There were 866 housing units, of which 7.6% were vacant. The homeowner vacancy rate was 3.9% and the rental vacancy rate was 3.1%.

===2000 census===
As of the census of 2000, there were 1,888 people, 762 households, and 473 families residing in the village. The population density was 2,377.4 PD/sqmi. There were 826 housing units at an average density of 1,040.1 /sqmi. The racial makeup of the village was 82.89% White, 0.85% African American, 0.48% Native American, 0.37% Asian, 10.86% from other races, and 4.56% from two or more races. Hispanic or Latino of any race were 21.98% of the population.

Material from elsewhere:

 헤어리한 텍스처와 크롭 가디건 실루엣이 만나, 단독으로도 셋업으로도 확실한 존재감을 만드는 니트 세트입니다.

There were 762 households, out of which 30.2% had children under the age of 18 living with them, 45.0% were married couples living together, 10.8% had a female householder with no husband present, and 37.8% were non-families. 31.1% of all households were made up of individuals, and 11.4% had someone living alone who was 65 years of age or older. The average household size was 2.47 and the average family size was 3.11.

The median income for a household in the village was $39,954, and the median income for a family was $47,232. Males had a median income of $35,761 versus $24,375 for females. The per capita income for the village was $18,738. About 7.7% of families and 9.3% of the population were below the poverty line, including 13.1% of those under age 18 and 4.5% of those age 65 or over.
==Emergency service==
The village's fire suppression services are operated by the Rockdale Fire Protection district. EMS is provided by Daley's Ambulance, and law enforcement by Rockdale Police.

==Transportation==
Pace provides bus service on Route 505 connecting Rockdale to downtown Joliet and other destinations.
Rockdale is served by the former Rock Island Main Line.

==Education==
It is mostly in the Rockdale School District 84, with a small portion in the Joliet Public School District 86. All of it is in the Joliet Township High School District 204.

All areas zoned for residential use are zoned to Joliet Central High School.